* _What you will do_:
Pictures excluded, output the lines of the data below between the one holding "Bastide de Sérou" and the one holding "会期 | 4月11日 [土]", inclusive, exactly as they stand.
------------------------------
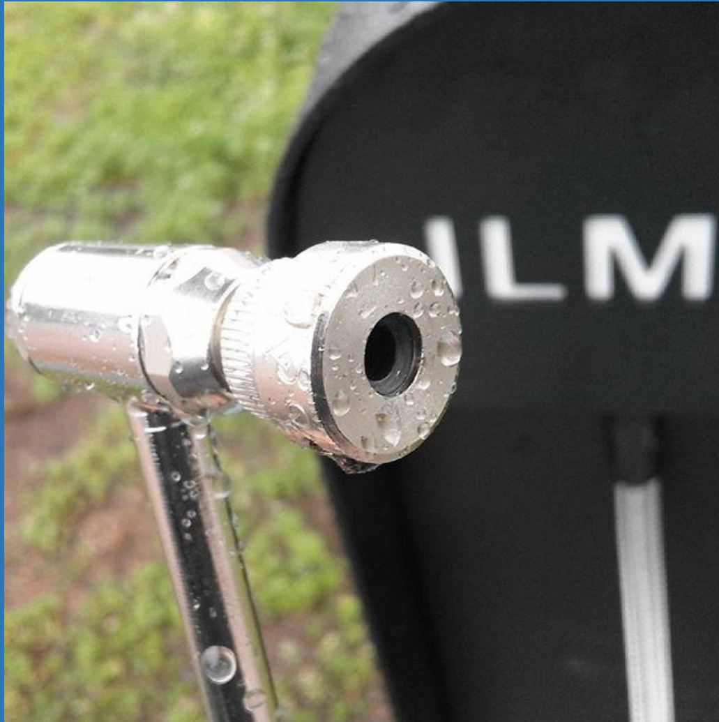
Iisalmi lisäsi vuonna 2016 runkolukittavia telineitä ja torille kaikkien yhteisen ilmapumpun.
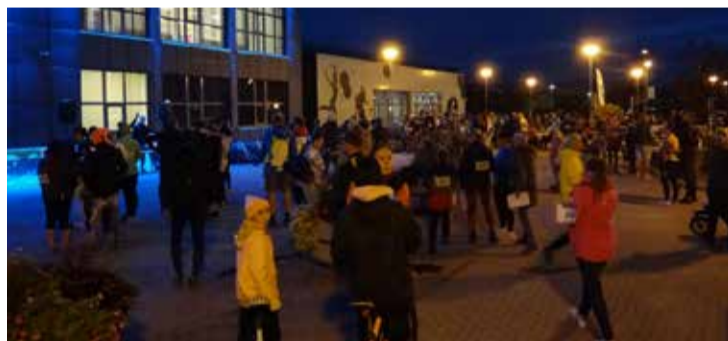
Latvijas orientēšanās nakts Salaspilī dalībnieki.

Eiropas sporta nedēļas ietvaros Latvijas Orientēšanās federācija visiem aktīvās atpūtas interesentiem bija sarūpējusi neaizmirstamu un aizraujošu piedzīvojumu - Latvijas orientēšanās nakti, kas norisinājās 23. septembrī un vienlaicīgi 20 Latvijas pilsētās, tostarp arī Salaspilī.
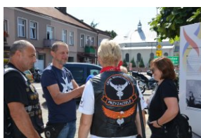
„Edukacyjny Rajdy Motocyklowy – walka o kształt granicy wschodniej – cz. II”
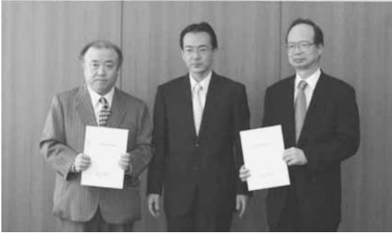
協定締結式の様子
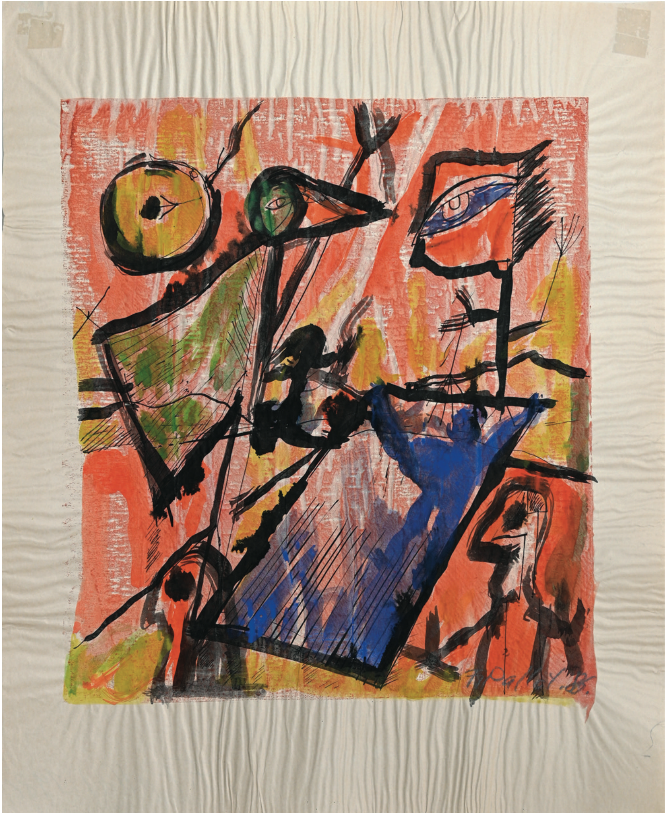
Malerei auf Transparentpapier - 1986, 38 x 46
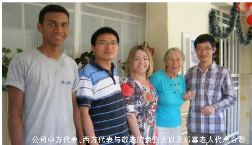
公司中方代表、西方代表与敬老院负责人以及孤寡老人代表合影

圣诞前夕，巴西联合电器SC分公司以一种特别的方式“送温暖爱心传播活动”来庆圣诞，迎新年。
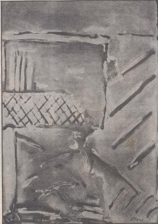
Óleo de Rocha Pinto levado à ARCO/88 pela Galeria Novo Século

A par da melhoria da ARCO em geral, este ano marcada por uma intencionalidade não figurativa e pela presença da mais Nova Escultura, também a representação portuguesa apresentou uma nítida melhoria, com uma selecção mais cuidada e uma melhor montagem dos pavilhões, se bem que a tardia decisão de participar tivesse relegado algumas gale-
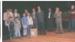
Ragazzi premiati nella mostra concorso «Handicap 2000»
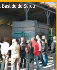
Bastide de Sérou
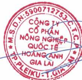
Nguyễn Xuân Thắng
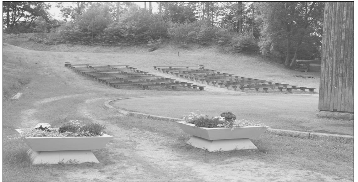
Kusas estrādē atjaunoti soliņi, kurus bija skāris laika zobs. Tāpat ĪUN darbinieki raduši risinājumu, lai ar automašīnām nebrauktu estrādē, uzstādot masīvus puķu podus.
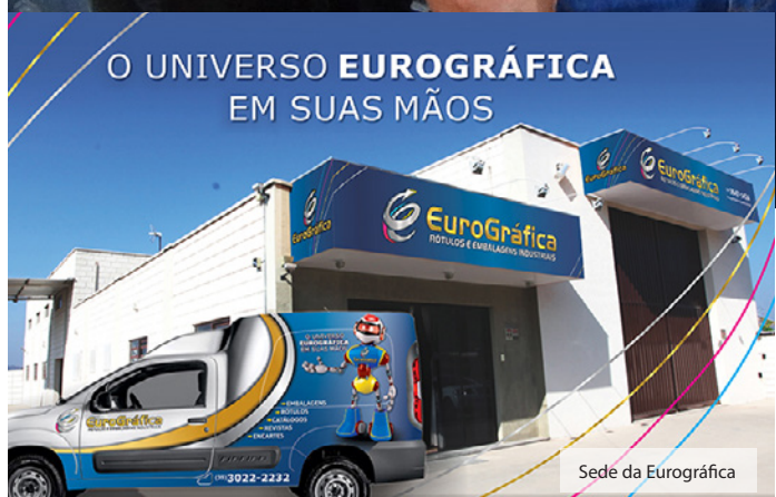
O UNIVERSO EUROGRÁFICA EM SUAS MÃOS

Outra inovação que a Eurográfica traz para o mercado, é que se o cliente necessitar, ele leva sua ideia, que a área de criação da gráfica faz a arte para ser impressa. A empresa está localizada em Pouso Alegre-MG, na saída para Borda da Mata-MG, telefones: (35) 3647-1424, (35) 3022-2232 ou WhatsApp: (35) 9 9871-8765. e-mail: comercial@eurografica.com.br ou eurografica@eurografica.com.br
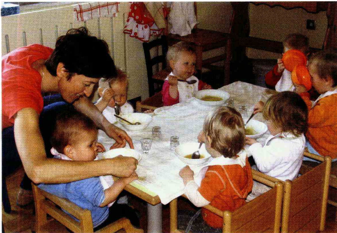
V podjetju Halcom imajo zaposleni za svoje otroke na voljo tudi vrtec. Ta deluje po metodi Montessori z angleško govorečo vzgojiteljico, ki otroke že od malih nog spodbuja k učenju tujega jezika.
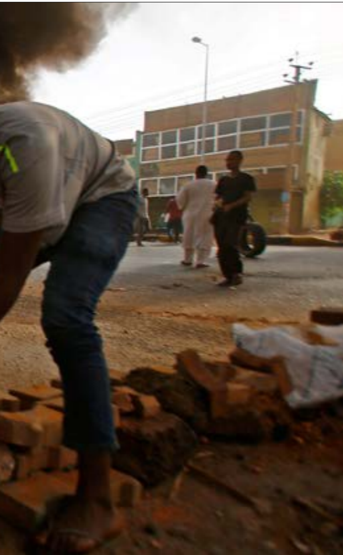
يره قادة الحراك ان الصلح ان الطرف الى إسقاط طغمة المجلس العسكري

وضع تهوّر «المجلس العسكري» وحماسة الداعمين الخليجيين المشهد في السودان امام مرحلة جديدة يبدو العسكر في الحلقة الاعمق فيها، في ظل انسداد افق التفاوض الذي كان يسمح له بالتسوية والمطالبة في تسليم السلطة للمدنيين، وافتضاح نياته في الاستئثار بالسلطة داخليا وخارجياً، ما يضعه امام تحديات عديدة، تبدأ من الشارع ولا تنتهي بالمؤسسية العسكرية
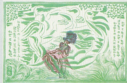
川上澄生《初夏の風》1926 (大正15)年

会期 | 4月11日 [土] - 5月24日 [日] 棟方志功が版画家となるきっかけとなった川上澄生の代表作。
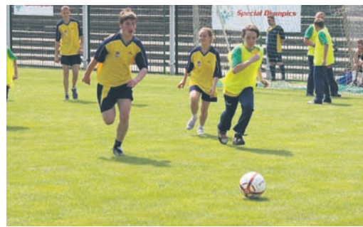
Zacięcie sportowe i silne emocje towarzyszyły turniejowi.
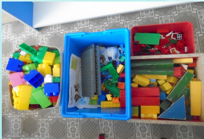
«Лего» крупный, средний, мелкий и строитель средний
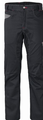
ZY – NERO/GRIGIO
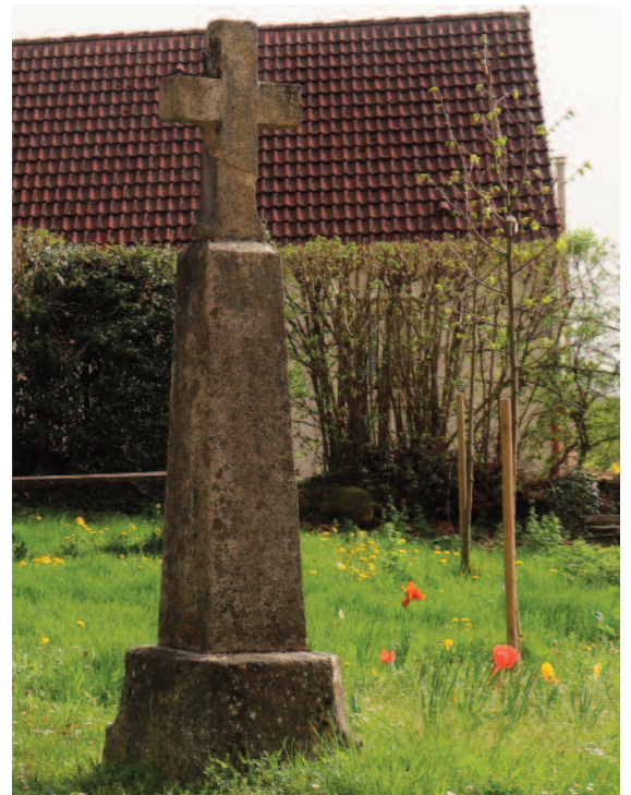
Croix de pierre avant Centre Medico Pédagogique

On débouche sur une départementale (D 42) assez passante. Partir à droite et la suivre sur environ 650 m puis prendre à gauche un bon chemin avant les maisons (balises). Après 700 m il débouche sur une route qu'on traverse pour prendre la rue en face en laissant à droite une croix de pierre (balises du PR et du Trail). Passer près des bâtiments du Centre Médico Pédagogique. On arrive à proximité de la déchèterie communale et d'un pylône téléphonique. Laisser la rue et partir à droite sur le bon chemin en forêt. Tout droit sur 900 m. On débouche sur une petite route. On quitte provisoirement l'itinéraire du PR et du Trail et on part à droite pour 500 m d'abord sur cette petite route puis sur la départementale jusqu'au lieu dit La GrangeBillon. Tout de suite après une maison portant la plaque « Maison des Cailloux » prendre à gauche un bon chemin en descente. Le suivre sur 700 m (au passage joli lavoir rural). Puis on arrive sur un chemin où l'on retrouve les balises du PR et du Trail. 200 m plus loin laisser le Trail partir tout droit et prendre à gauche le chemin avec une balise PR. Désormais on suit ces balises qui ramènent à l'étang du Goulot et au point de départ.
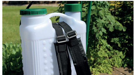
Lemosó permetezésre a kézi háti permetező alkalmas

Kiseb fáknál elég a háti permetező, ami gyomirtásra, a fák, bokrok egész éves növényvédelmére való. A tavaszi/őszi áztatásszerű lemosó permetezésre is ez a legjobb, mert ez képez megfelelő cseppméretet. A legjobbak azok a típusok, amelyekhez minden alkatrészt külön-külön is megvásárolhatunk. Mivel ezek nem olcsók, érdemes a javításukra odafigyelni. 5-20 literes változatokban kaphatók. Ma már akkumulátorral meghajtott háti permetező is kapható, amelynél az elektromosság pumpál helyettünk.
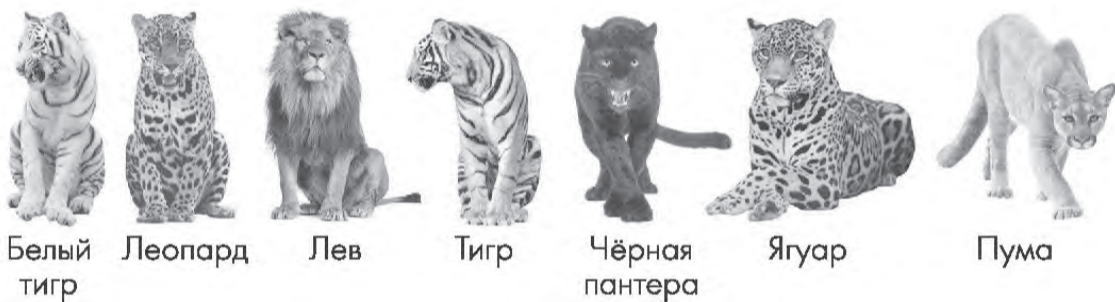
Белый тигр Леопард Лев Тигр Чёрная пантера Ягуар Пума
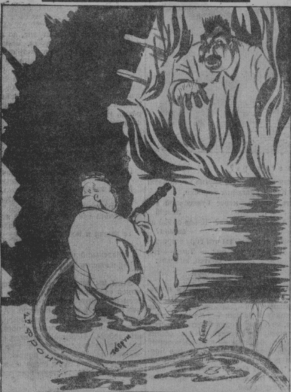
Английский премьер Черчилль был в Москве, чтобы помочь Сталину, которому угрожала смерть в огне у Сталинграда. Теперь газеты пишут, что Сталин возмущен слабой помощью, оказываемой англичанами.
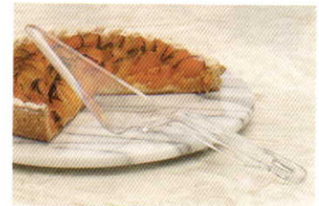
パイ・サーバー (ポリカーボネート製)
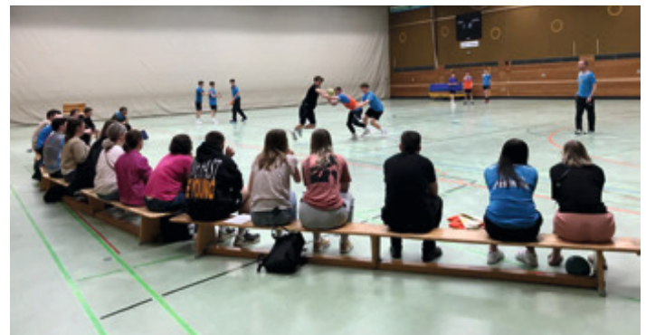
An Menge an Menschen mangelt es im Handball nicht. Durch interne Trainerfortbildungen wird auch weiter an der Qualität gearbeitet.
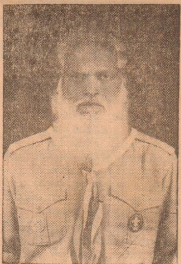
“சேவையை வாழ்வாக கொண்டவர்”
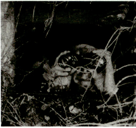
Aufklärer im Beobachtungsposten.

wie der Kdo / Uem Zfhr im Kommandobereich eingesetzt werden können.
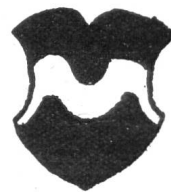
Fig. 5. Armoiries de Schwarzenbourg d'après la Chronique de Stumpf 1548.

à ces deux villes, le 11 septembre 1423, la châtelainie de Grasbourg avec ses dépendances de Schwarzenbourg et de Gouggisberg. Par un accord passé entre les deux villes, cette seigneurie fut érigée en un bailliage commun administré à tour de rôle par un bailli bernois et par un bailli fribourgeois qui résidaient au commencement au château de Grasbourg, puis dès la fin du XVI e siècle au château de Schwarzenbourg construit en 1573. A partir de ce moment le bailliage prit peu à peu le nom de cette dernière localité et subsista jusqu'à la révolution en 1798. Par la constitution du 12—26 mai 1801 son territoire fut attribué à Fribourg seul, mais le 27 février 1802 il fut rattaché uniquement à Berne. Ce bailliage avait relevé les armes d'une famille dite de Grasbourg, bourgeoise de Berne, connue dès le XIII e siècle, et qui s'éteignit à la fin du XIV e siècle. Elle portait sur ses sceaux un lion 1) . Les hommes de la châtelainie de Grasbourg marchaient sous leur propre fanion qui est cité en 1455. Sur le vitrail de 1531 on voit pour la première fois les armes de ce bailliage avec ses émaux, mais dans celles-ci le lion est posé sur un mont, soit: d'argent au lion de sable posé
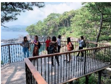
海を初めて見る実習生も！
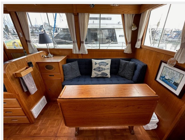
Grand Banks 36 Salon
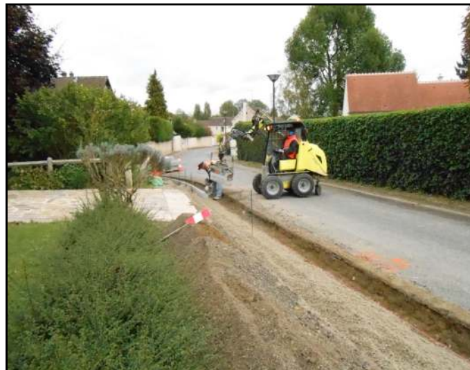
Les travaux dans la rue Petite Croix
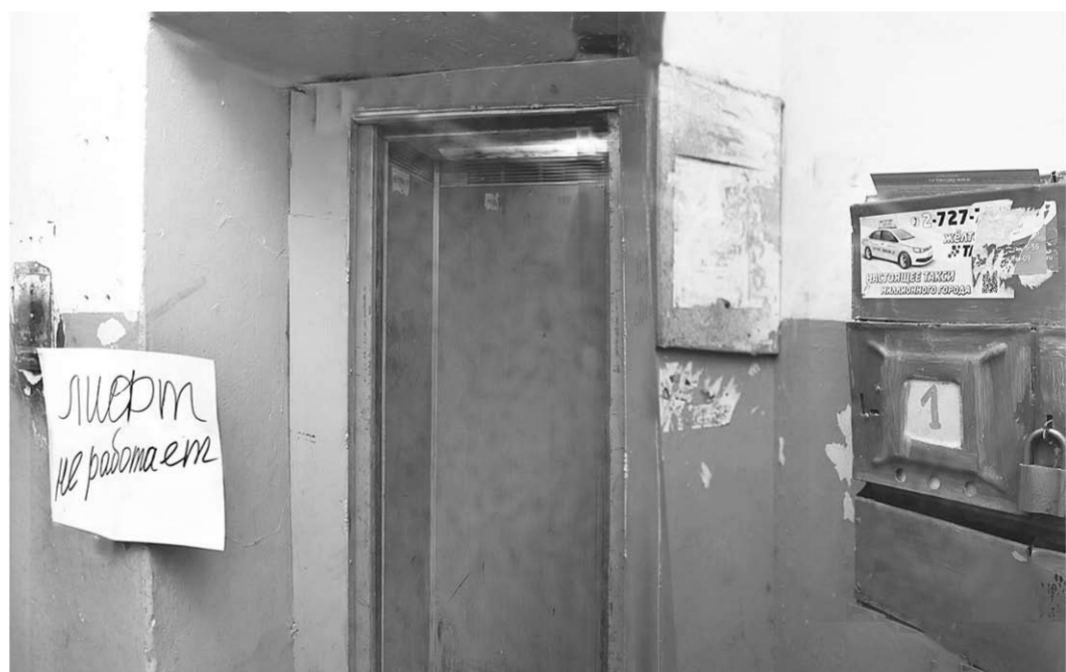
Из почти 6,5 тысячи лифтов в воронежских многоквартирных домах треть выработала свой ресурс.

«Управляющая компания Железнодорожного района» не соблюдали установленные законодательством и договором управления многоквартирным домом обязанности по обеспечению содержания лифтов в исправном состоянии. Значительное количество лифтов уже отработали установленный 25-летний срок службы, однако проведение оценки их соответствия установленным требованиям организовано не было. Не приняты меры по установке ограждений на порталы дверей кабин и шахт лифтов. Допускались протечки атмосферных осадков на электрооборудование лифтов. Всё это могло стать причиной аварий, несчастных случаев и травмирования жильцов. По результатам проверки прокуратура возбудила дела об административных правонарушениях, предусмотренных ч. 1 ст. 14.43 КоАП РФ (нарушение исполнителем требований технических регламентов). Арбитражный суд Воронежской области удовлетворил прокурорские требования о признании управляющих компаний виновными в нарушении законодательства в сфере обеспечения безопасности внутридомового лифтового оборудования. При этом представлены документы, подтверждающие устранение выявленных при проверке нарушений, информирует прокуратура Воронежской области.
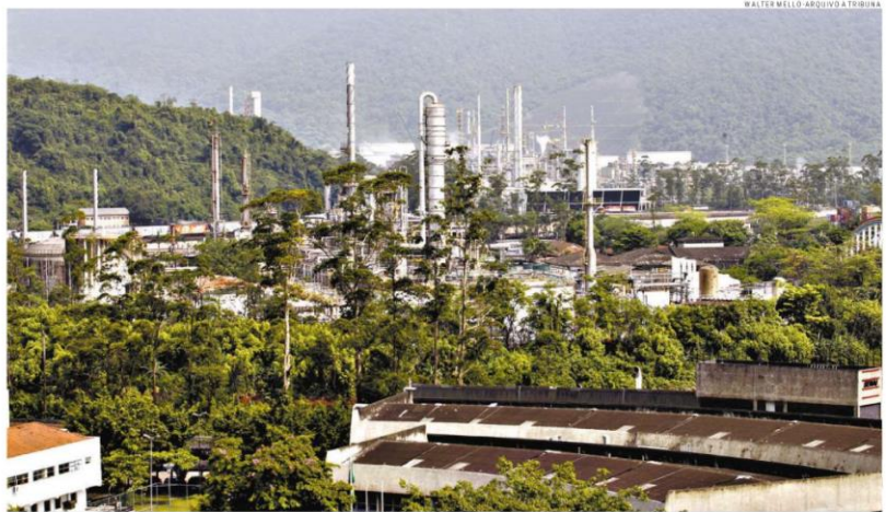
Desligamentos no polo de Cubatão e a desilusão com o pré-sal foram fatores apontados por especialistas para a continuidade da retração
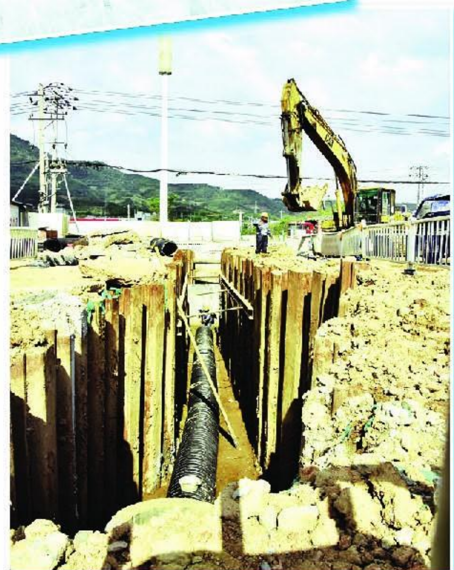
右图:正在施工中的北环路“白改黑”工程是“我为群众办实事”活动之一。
------------------------------
* _Task answer_:
Bastide de Sérou
Nguyễn Xuân Thắng
Kusas estrādē atjaunoti soliņi, kurus bija skāris laika zobs. Tāpat ĪUN darbinieki raduši risinājumu, lai ar automašīnām nebrauktu estrādē, uzstādot masīvus puķu podus.
O UNIVERSO EUROGRÁFICA EM SUAS MÃOS

Outra inovação que a Eurográfica traz para o mercado, é que se o cliente necessitar, ele leva sua ideia, que a área de criação da gráfica faz a arte para ser impressa. A empresa está localizada em Pouso Alegre-MG, na saída para Borda da Mata-MG, telefones: (35) 3647-1424, (35) 3022-2232 ou WhatsApp: (35) 9 9871-8765. e-mail: comercial@eurografica.com.br ou eurografica@eurografica.com.br
V podjetju Halcom imajo zaposleni za svoje otroke na voljo tudi vrtec. Ta deluje po metodi Montessori z angleško govorečo vzgojiteljico, ki otroke že od malih nog spodbuja k učenju tujega jezika.
يره قادة الحراك ان الصلح ان الطرف الى إسقاط طغمة المجلس العسكري

وضع تهوّر «المجلس العسكري» وحماسة الداعمين الخليجيين المشهد في السودان امام مرحلة جديدة يبدو العسكر في الحلقة الاعمق فيها، في ظل انسداد افق التفاوض الذي كان يسمح له بالتسوية والمطالبة في تسليم السلطة للمدنيين، وافتضاح نياته في الاستئثار بالسلطة داخليا وخارجياً، ما يضعه امام تحديات عديدة، تبدأ من الشارع ولا تنتهي بالمؤسسية العسكرية
川上澄生《初夏の風》1926 (大正15)年

会期 | 4月11日 [土] - 5月24日 [日] 棟方志功が版画家となるきっかけとなった川上澄生の代表作。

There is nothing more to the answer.